A number of studies have suggested that the soluble domain of b5 alone is unable to form a complex with P450 enzymes (29–31). However, here the binding between the soluble domains of CYP17A1 and b5 in solution was observed on an intermediate exchange NMR time scale and employing the same anionic Glu-48 and Glu-49 residues implicated earlier in studies of the full-length b5 (23). Results demonstrate that this CYP17A1-b5 complex can be disrupted by addition of rat CPR, providing direct biophysical evidence that b5 and CPR compete for binding surface to CYP17A1. Finally, the relative affinity of CYP17A1 for b5 versus CPR was evaluated when CYP17A1 was in a variety of ligand-bound states. The data suggest that the presence of the 17α-hydroxylase substrate pregnenolone in the CYP17A1 active site results in stronger relative affinity for b5 versus CPR than occurs when the 17,20-lyase substrate 17α-hydroxypregnenolone is present in the CYP17A1 active site. Significantly, this suggests a mechanism whereby CYP17A1 metabolism in the active site and the superficial b5 binding surface communicate by allostery.
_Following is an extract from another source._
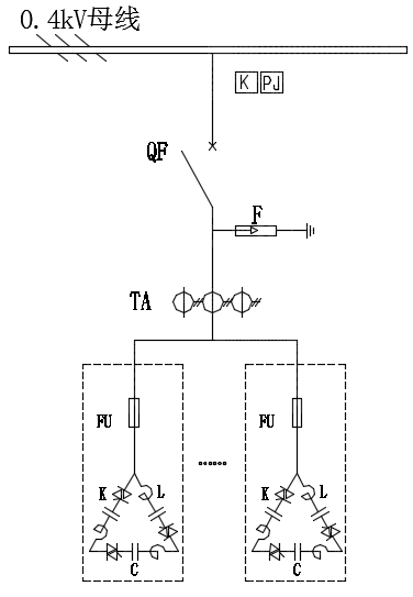 低壓TSC動態(tài)無功補償裝置采用人工智能控制,由控制器、雙向可控硅、電容器、電抗器、保護元件等組成??刂破鲗崟r跟蹤測量負荷的功率因數(shù)和無功電流,與預(yù)先設(shè)定的給定值進線比較,動態(tài)控制電容器組的投切,以保證功率因數(shù)達到設(shè)定值。整個測量執(zhí)行過程在一個周波內(nèi)完成(時間<20ms),并實現(xiàn)可控硅過零觸發(fā),確保投切電容器無沖擊、無涌流、無過渡過程

The soluble domain of human microsomal cytochrome b5, represented by residues 1–107, was constructed as a synthetic gene (GenScript) with a poly-histidine tag at the C terminus. The construct was designed after other b5 constructs studied previously by NMR spectroscopy (32). Escherichia coli BL21(DE3) cells were transformed with a pET-15b plasmid containing the b5 gene and grown in M9 (50 mm Na2HPO4, 20 mm KH2PO4, 10 mm NaCl, 18.7 mm 15N NH4Cl) minimal medium until log phase (0.6 optical density) minimal medium made with 15N ammonium chloride until log phase (0.6 optical density). At this point isopropyl 1-thio-β-d-galactopyranoside and δ-aminolevulinic acid were added to induce b5 expression and provide for heme synthesis, respectively. Cells were grown at 37 °C with shaking (220 rpm.) for 20 h. Cells were harvested, resuspended in lysis buffer (50 mm Tris, 0.3 m NaCl (pH 8.0)), lysed via freeze-thaw, and sonicated in 30-s alternating bursts for a total of 3 min. Cell lysate was recovered by centrifugation (27,200 × g, 15 min.) and applied to a nickel-nitrilotriacetic acid column (GE Healthcare) equilibrated with loading buffer (50 mm Tris, 0.3 m NaCl (pH 7.4)). The column was washed using 2 column volumes (CV) of lysis buffer and 6 CV of wash buffer (50 mm Tris, 0.3 m NaCl, 100 mm glycine (pH 7.4)) and then eluted with 4 CV of elution buffer (50 mm Tris, 0.3 m NaCl, 100 mm glycine, 100 mm histidine (pH 7.4)). The purity of the eluted sample was evaluated by SDS-PAGE and UV-visible spectroscopy (A412/A280 > 4.0). NMR samples were prepared by transferring purified b5 into 50 mm potassium phosphate, 50 mm NaCl (pH 6.5), concentrating to 0.1–0.15 mm, and augmenting to 10% D2O.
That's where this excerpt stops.